Investors who can borrow shares from their brokers for a Trump Media short sale are “good customers” of those brokers, he said.

“When stock borrowing becomes this difficult, only the best clients benefit,” he said. And the best clients are those who have stock reserves or other collateral to cover their positions, he added.

But it’s increasingly difficult to borrow stocks to sell them short. Of about 5 million Trump Media shares available for sale, 4.94 million have already been borrowed, driving up financing costs.
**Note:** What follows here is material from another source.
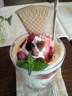 頼んだパフェは、最近食べた甘味の中で一番彩りが良くて綺麗だった。味が普通なのに、見た目からの好感触のお陰でより美味しく感じる。

“It is now a squeeze stock because the shorts are losing money, the interest rates are very high and there is also a call risk,” Dusaniwsky said, referring to a situation in which a broker must obtain shares from a short seller in order to sell them. a long position client who initially purchased the shares on margin.

Dusaniwsky said short sellers are in a difficult position because many Trump Media shareholders are not in the mood to sell their shares, driving the price down, and because there are so few shares to borrow and sell short.